**Brief:** Print this span of the material below exactly: the line with "Details5Pcs Black Ribbed", the line with "面對(duì)潮間帶施工困難", and every line between them, but nothing else.

**Excerpted data:**

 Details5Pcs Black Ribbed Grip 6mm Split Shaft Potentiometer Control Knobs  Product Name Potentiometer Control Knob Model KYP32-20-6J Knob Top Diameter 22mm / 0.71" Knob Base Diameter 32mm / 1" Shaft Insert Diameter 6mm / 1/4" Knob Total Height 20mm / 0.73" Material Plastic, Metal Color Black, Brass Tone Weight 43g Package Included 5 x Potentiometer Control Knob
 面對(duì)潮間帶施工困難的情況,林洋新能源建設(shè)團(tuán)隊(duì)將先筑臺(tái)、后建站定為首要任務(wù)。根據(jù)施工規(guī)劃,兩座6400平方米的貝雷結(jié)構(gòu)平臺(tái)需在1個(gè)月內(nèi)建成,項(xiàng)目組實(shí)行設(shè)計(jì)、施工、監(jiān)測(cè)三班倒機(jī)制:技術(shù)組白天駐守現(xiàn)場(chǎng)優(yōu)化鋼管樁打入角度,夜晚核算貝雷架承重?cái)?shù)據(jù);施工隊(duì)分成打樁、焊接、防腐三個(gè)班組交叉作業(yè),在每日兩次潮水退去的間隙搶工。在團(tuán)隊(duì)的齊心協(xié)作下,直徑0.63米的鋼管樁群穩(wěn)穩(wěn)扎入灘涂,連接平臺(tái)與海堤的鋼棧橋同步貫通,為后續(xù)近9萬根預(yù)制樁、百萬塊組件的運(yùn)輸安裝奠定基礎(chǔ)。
...
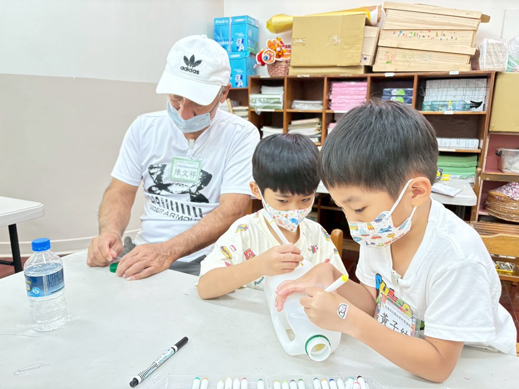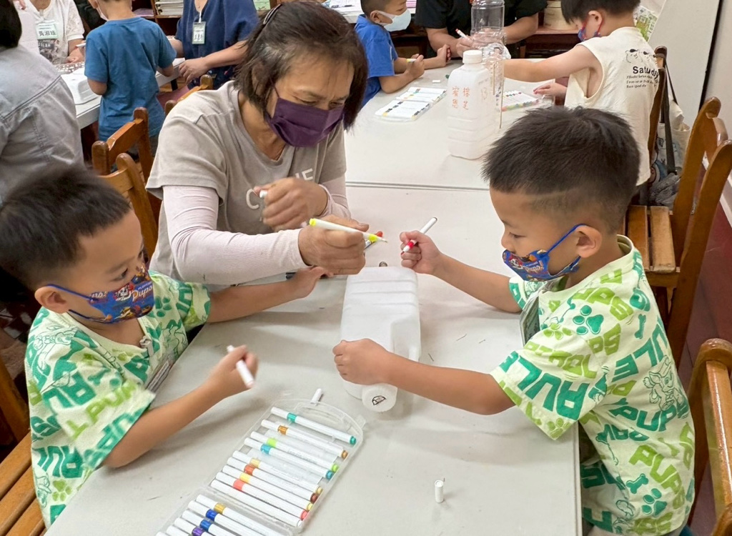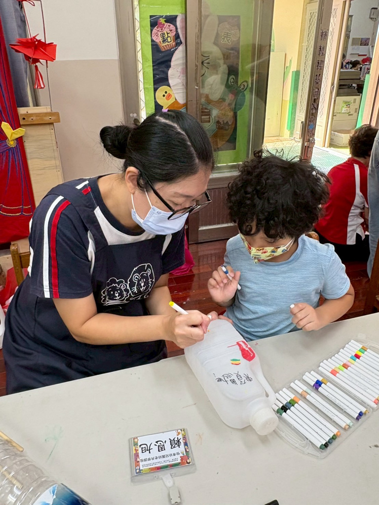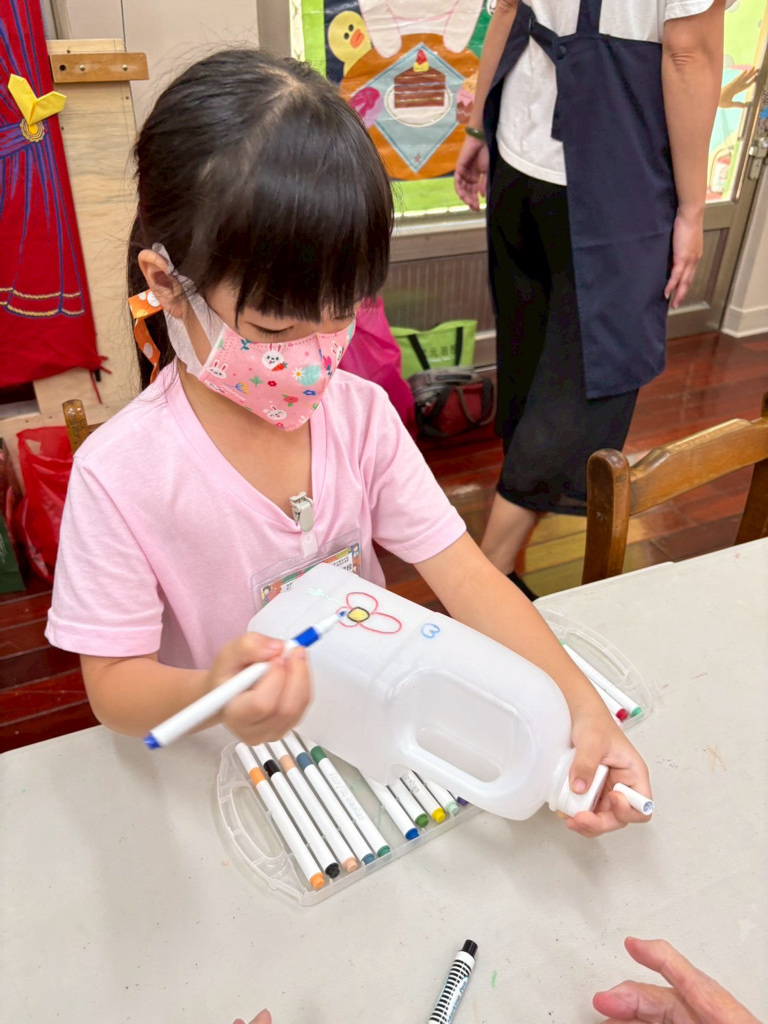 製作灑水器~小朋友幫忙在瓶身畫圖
* * *
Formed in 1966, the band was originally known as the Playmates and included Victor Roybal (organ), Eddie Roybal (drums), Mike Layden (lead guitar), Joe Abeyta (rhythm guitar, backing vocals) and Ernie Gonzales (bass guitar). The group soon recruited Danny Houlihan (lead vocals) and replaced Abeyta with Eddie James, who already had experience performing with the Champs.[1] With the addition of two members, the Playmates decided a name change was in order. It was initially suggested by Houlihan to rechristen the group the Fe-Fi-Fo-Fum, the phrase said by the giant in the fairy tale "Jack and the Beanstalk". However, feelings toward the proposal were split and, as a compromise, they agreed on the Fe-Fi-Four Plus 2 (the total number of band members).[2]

**Response area:**
 Details5Pcs Black Ribbed Grip 6mm Split Shaft Potentiometer Control Knobs  Product Name Potentiometer Control Knob Model KYP32-20-6J Knob Top Diameter 22mm / 0.71" Knob Base Diameter 32mm / 1" Shaft Insert Diameter 6mm / 1/4" Knob Total Height 20mm / 0.73" Material Plastic, Metal Color Black, Brass Tone Weight 43g Package Included 5 x Potentiometer Control Knob
 面對(duì)潮間帶施工困難的情況,林洋新能源建設(shè)團(tuán)隊(duì)將先筑臺(tái)、后建站定為首要任務(wù)。根據(jù)施工規(guī)劃,兩座6400平方米的貝雷結(jié)構(gòu)平臺(tái)需在1個(gè)月內(nèi)建成,項(xiàng)目組實(shí)行設(shè)計(jì)、施工、監(jiān)測(cè)三班倒機(jī)制:技術(shù)組白天駐守現(xiàn)場(chǎng)優(yōu)化鋼管樁打入角度,夜晚核算貝雷架承重?cái)?shù)據(jù);施工隊(duì)分成打樁、焊接、防腐三個(gè)班組交叉作業(yè),在每日兩次潮水退去的間隙搶工。在團(tuán)隊(duì)的齊心協(xié)作下,直徑0.63米的鋼管樁群穩(wěn)穩(wěn)扎入灘涂,連接平臺(tái)與海堤的鋼棧橋同步貫通,為后續(xù)近9萬根預(yù)制樁、百萬塊組件的運(yùn)輸安裝奠定基礎(chǔ)。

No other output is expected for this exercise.